Men, be mindful of the monthly hormone cycles of the females you love and live with, be they wives, mothers, sisters or daughters.
Let me share with you my own ridiculousness from this weekend as an instructional tale.
On Saturday could totally tell in my mind that it wasn’t me that it was my body having hormone issues but I still couldn’t help it. I just wanted to cry and fight. J happened to pull the sheets and blanket off of us because they were crooked and he went to fix them. He fixed them and then he pulled them back up onto him, leaving my side down, inadvertently. I was fuming! And freezing! I REFUSED to pull the sheets up myself though because *I* had not pulled them down and *he* ought to have to fix them.

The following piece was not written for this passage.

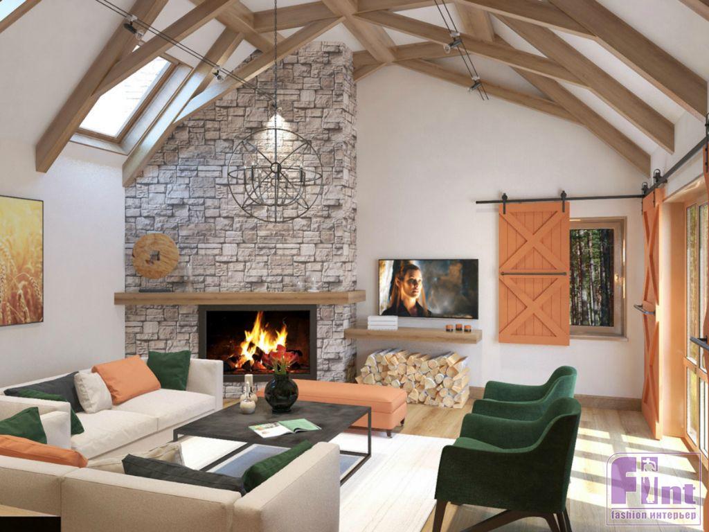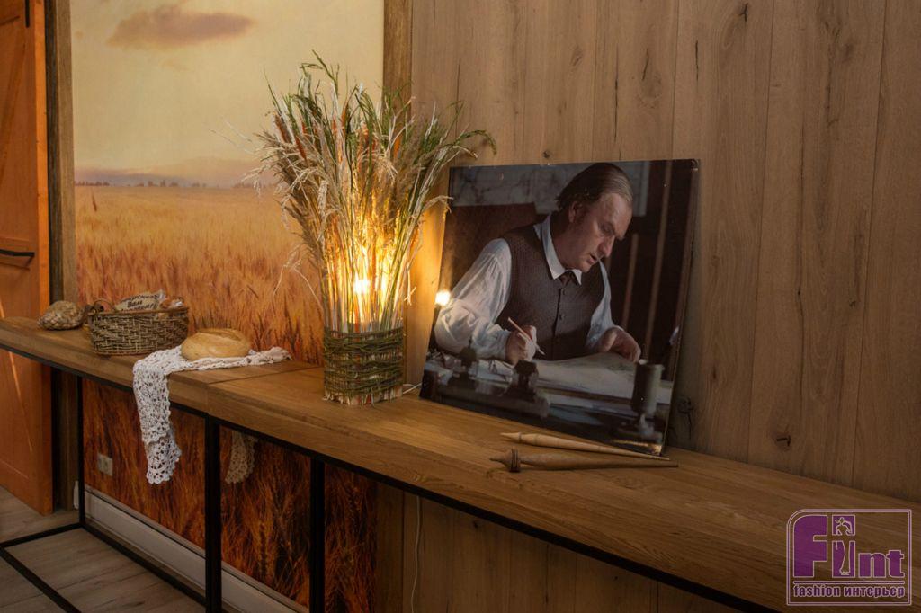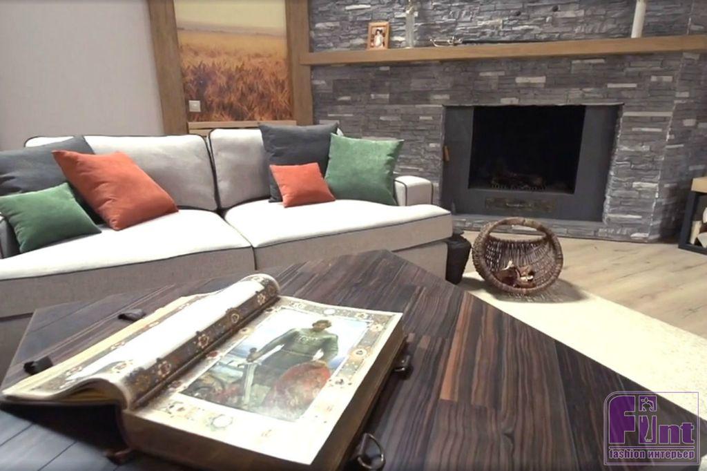 Каминный портал решено было облицевать особым колотым камнем. Пол вокруг огромного камина выстлан сланцем с шероховатой структурой. Справа от камина дизайнер поместил вытянутое горизонтальное зеркало и миниатюрную поленницу дров. Обновлённую гостиную актёра наполняют многочисленные занимательные вещи: портрет хозяина дома в образе литературного героя, берестяные лапоть и корзинка и декоративный каравай хлеба на ажурном полотенце.
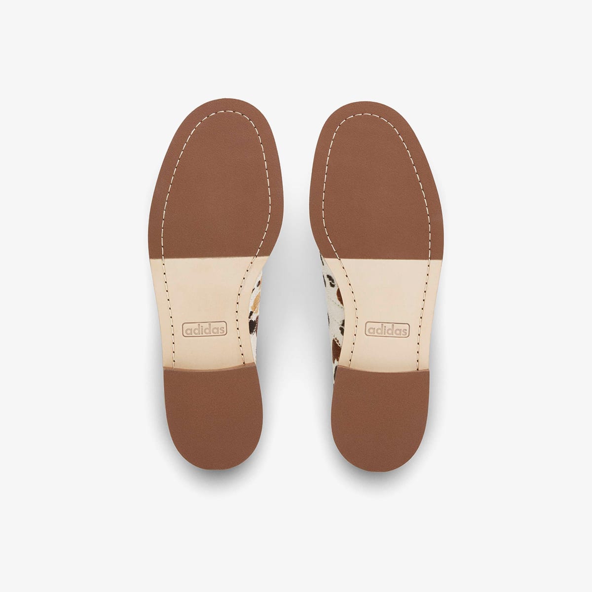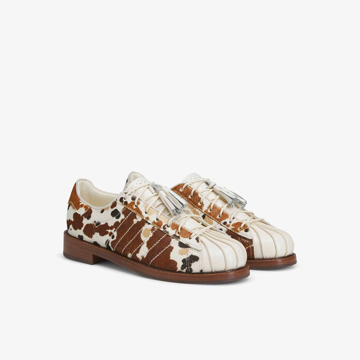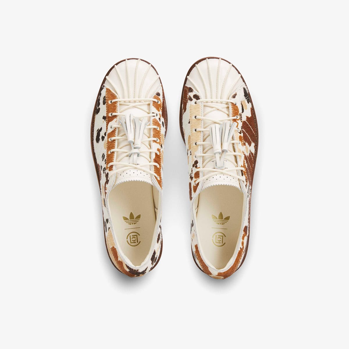 The adidas x CLOT Superstar dress sneaker reimagines a heritage icon through Edison Chen’s bold and contemporary lens. Anchored by the familiar shell toe, the silhouette pushes beyond its streetwear roots with a loafer-inspired stacked sole that shifts the Superstar into formal territory. Cream leather at the toe and tongue balances the textured faux cowhide upper, adding depth and striking style. Subtle stitched 3-Strpes keeps the branding refined, while tassel detailing nod to classic dress shoes. The result is a bold yet considered evolution of an adidas staple.

Of course I wouldn’t tell him either; I expected him to *know* he had uncovered me and to realize his oversight in not putting them back on me. Then when he didn’t notice I got all weepy and started to cry. Because now I was cold AND unloved and unnoticed. So I was shivering and crying while J was happily drifting off to sleep/snoring. I just got so stupid mad. All this time all I had to do was pull the sheet up myself. But no! I tell you, in my crazy hormone mind, this was all about the principle and justice for all. So I did some heavy sighing and heavy breathing and nudged him a few time to see if he’d wake up and notice. He finally did and figured out I was cold and asked me why I didn’t pull the sheets up. "BECAUSE I DIDN'T TAKE THEM OFF OF ME SO I SHOULDN'T HAVE TO", I replied with a tone chockfull of attitude. "Suit yourself." he said. Another 5 minutes went by and then he said he loved me and tried to pull the sheets back up over me as a loving gesture. He only pulled them up half way which was nice but still not perfect for my ultra picky pms-y mood.
So you see? This is how a typical estrogen flux can reduce an ordinarily gifted and independent woman to a stubborn, sulky brat.
Lesson learned for the men? Learn to tread lightly around women’s cycles and try not to hold it against us too much when our bodies prompt us to act irrationally at time.
Lesson learned for the ladies? Be grateful if you find a man who understands you AND your cycles. Make it up to him when you are past the irrational moodiness of your cycle with a lot of attention and love thrown at him.